ASSIGNED TASK |
In the data below, the copy begins at the line containing "Amazing custom home" and runs through the last line; repeat those lines exactly, minus the pictures.

PROVIDED DATA |
——
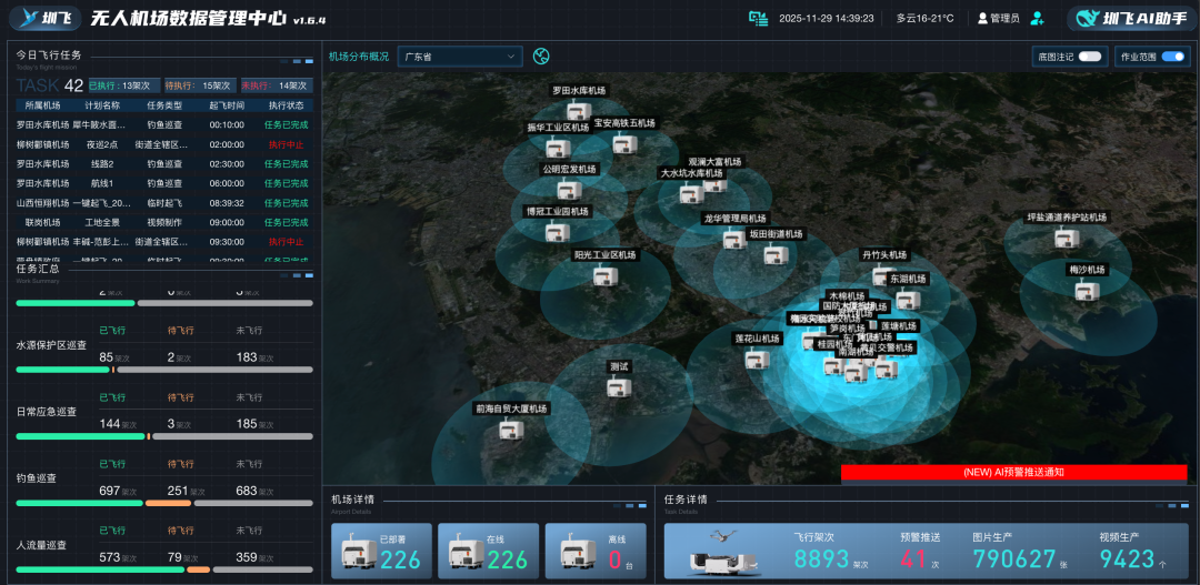 圳飞无人机机场管理平台是我司自主研发的低空服务标准化解决方案平台,可对无人机机场场站远程下发任务并自动化执行,深度整合AI算法与大数据分析能力,赋能数百种巡检场景,满足多元场景需求,通过部署无人机智能机场网络,提供城市精细化管理的空中巡查服务,涵盖城市管理、自然资源监管、应急消防、交通巡査、水务监测等 20 余类任务。目前圳飞平台已落地了广东、山东、重庆、广西、山西、陕西、河北、内蒙古等地,已部署机场200余台,服务于自然资源,公安,交警,应急,住建,水务等部门。通过“1+N+N”模式(1个平台调度多机场执行多任务)成功打造国内低空政务服务治理标杆样板,实现数字孪生底座数据更新、巡查巡检的自动化无人值守作业。
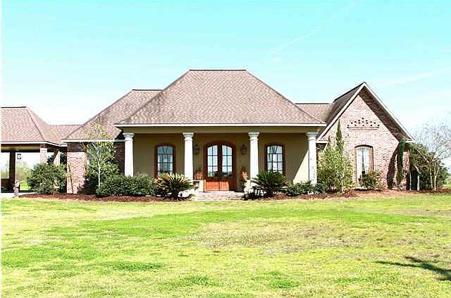 Amazing custom home on 5 acres in north Crowley. This home features all pine wood doors, brick, slate and wood floors, custom cabinets, marble bath and shower, cypress beams, and 2 fireplaces just to name a FEW. Front windows are old church windows from Holland and antique french doors opening to a perfect-for-entertaining back seating area featuring old salvaged rough cut pine ceilings! This home sits on a laser leveled 5 acres featuring a pond and pictures don't do it justice. Schedule your appointment today!
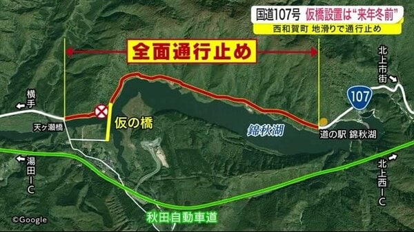 国道107号 仮の橋設置は”来年冬前” 西和賀町 地滑りで通行止め<岩手県
——
SOLUTION TO THE PROBLEM |
 Amazing custom home on 5 acres in north Crowley. This home features all pine wood doors, brick, slate and wood floors, custom cabinets, marble bath and shower, cypress beams, and 2 fireplaces just to name a FEW. Front windows are old church windows from Holland and antique french doors opening to a perfect-for-entertaining back seating area featuring old salvaged rough cut pine ceilings! This home sits on a laser leveled 5 acres featuring a pond and pictures don't do it justice. Schedule your appointment today!
 国道107号 仮の橋設置は”来年冬前” 西和賀町 地滑りで通行止め<岩手県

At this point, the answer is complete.